In den letzten Tagen sorgte ein mehrstündiger Ausfall von TikTok für Besorgnis unter den Nutzern in den USA. Am vergangenen Wochenende war die beliebte Plattform für über 100 Millionen US-Nutzer für einen halben Tag nicht zugänglich. Der Zwischenfall offenbarte die tiefe Abhängigkeit vieler junger Menschen von Social Media, wie Focus berichtet. Zahlreiche Nutzer berichteten von echten körperlichen Entzugserscheinungen und beschrieben das Gefühl, „einsam“ und „abgeschnitten“ von der Welt zu sein, wenn sie keinen Zugang zur App hatten.
Die Dominanz von TikTok hat bei vielen Nutzern eine „Trauerphase“ ausgelöst, die mit dem Gefühl einhergeht, wichtige Informationen und soziale Interaktionen zu verlieren. Diese emotionale Auseinandersetzung zeigt die Auswirkungen des übermäßigen Konsums von Inhalten, die sich häufig um Reisetrends, Tiervideos und virale Challenges drehen. Für viele ist die App nicht nur ein Zeitvertreib, sondern ein essentielles Element ihres Alltags geworden.

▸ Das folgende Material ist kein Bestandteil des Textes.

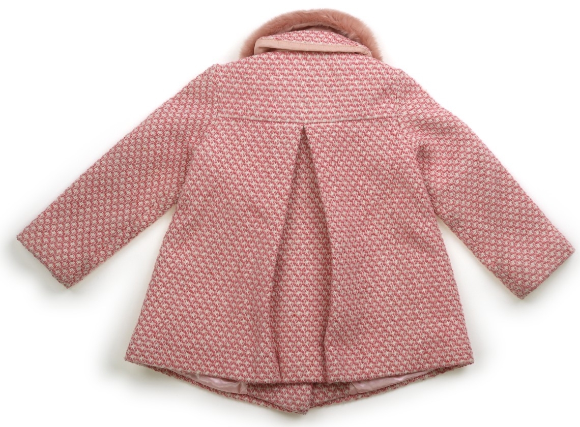 ポリエステル・ウール・他混合素材。裏地付き。襟のファーは着脱可能。実際のサイズ表記は、104cm。袖口が汚れています。毛羽立ち・洗いざらし感があります。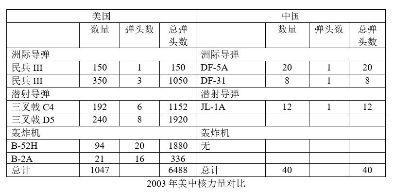 到2003年,中國核力量的DF-5數量得到擴充,而且開始裝備機動發射的DF-31(射程8000公里)。DF-31需要機動到東北,才能通過北極上空攻擊美國境內的目標。潛射的JL-1A在JL-1基礎上改進而來,提高了射程、精度和當量。在美國方面,不僅核彈頭數量在限制戰略核武器條約的約束下繼續減少,民兵II導彈全部退役,150枚民兵III導彈從三彈頭改為單彈頭,B-1B也退出核打擊序列,全部作為常規轟炸機使用。B-2A數量增加了15架(但有一架墜毀),另外還增加了42枚三叉戟D5潛射導彈。美國總計減少了1000多枚核彈頭,但發射平台只減少43個,還是對中國佔壓倒優勢。

Die Dilemmas der Smartphone-Nutzung
Darüber hinaus ist der exzessive Gebrauch von Social Media besonders alarmierend bei Jugendlichen. In der Schweiz beispielsweise nutzt der 14-jährige Tim bis zu 16 Stunden täglich Social Media. Seine Mutter macht sich große Sorgen über die Veränderungen in seinem Verhalten und die Auswirkungen dieser intensiven Nutzung auf sein Leben. Martin Meyer, ein Psychiater für Verhaltenssüchte, hat drei Warnzeichen identifiziert, die auf ein süchtiges Verhalten hindeuten: Kontrollverlust, Schäden an sozialen Beziehungen und Priorisierung von Social Media über wichtige Aktivitäten, wie SRF erläutert.
Schätzungen zufolge leiden in der Schweiz etwa 30.000 Kinder und Jugendliche unter einer suchtartigen Nutzung von Bildschirmen, während insgesamt rund 300.000 Jugendliche von problematischer Social-Media-Nutzung betroffen sind. Studien zeigen, dass diese Abhängigkeit zu zunehmendem Schlafmangel, kürzerer Aufmerksamkeitsspanne und weniger Zeit mit Freunden führt. Schulleiter berichten, dass Schüler Schwierigkeiten haben, sich auf längere Texte zu konzentrieren, was die schädlichen Auswirkungen der übermäßigen Nutzung unterstreicht.
Die Rolle von Algorithmen und der Gesellschaft
Die Algorithmen von Plattformen wie TikTok und Instagram sind so gestaltet, dass sie endlose Videoempfehlungen bieten, was die Nutzer dazu verleitet, noch mehr Zeit online zu verbringen. Darüber hinaus spielt Dopamin, das für Glücks- und Lustgefühle verantwortlich ist, eine entscheidende Rolle bei der Suchtentwicklung. Viele Teenager sind sich der schädlichen Auswirkungen ihrer Nutzung bewusst, jedoch kämpfen sie oftmals mit den Entzugserscheinungen, die eine reduzierte Bildschirmzeit mit sich bringt.
Laut einem gemeinsamen Bericht der DAK-Gesundheit und des Universitätsklinikums Hamburg-Eppendorf sind bis zu 1,3 Millionen Kinder und Jugendliche in Deutschland in ihrer Entwicklung negativ vom übermäßigen Social-Media-Konsum betroffen. Diese Zahl ist dreimal so hoch wie im Jahr 2019 vor der Pandemie. Entgegen der allgemeinen Abnahme des Konsums im Vergleich zu 2022 beträgt die durchschnittliche Nutzungszeit unter Schultagen immer noch 150 Minuten pro Tag und steigert sich auf rund 224 Minuten an Wochenenden. Dabei vermeiden viele Jugendliche die Auseinandersetzung mit problematischen Inhalten, die sie auf Plattformen wie TikTok vorfinden, wie MDR berichtet.
Schließlich wird in Studien deutlich, dass etwa 30 Prozent der TikTok-Challenges potenziell schädlich sind, und ein Prozent könnte sogar lebensgefährlich sein. Die Forscher warnen vor der geringen Regulierung gesundheitsschädlicher Inhalte durch die Plattform, was zu einer raschen Verbreitung solcher Inhalte führen kann. Es ist klar, dass die Gefahren des übermäßigen Social-Media-Konsums sowohl individuell als auch gesellschaftlich ernst genommen werden müssen.